There aren’t a lot of issues on which most shareholders and board members can agree. One exception: the need to make the process of removing directors from boards easier, no matter what the concern By Richard Leblanc

Don’t let the sensational headlines fool you. If it takes an activist hedge fund’s power to oust a few directors from a listed company board, then it isn’t happening all that often. Even when you include directors dropped by fellow board members for performance issues and the like, it is exceedingly rare for a director to be removed from a board. According to Stanford researchers, only 2% of directors who step down are dismissed or not re-elected.

The vast majority of directors are re-elected and continue serving, in other words. Some directors serve on boards for up to 20 or 25 years. About a year ago, I counted 30 directors who served on Canada’s five bank boards for more than nine years. Nine years is the upper limit for independence now in the UK.

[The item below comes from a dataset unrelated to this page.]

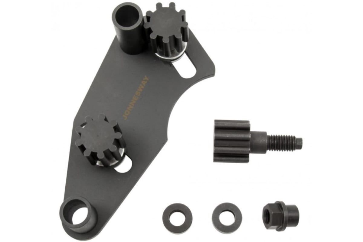 Приспособление для фиксации приводов распределительных валов двигателей Jonnesway AL010187 RENAULT 49596 разработано для двигателей объемом 1.8/2.0 литра при откручивании болтов зубчатых колес. Инструмент комплектуется специальными шестернями, затяжной гайкой и парой шайб. Изделие применяется для автомобилей: RENAULT Megane II, Laguna II и Scenic II Turbo 2.0 (02 → 08) годов выпуска; двигателей: бензиновые 1.8 / 2.0 / 2.0 16v, 2.0 Turbo. Коды двигателей: все модификации F4P, F4R, F4RT.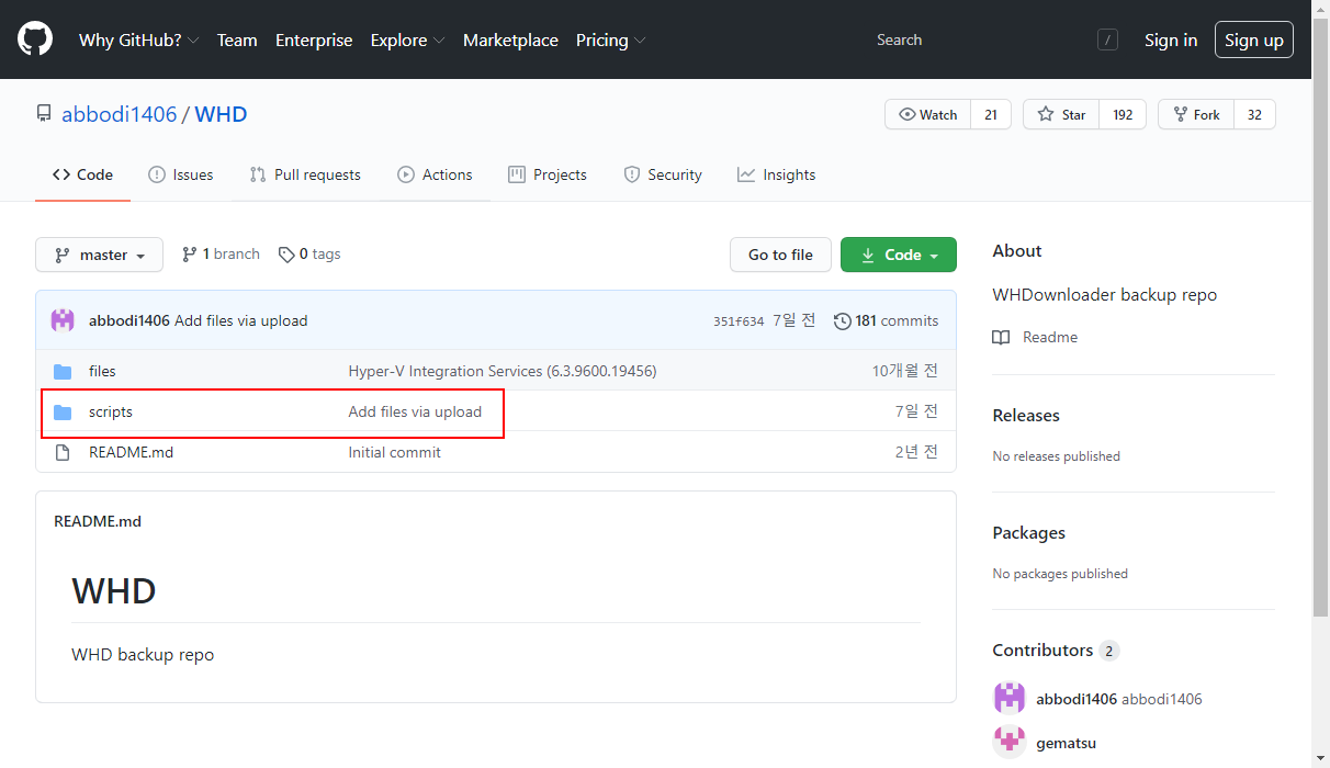 github(깃허브)에서 스크립트 다운로드 (가입 필요없음)

A board does not have the power to remove another director, even if that director is performing poorly. If the director digs in and refuses to step down, that director must be replaced at the annual meeting. It is rare for shareholders to remove a director at the meeting if he or she is renominated. Only 106 directors were dismissed out of a total universe of some 50,000 directors in 2009, according to Audit Analytics.

Shareholders have limited rights to propose or remove directors. A special resolution is needed, if shareholders can demonstrate cause, to remove a director, for example. HP, Yahoo, RIM, Chesapeake Energy and Bank of America—which have lost a combined $353 billion of shareholder value—are good recent examples of the difficulty of director removal.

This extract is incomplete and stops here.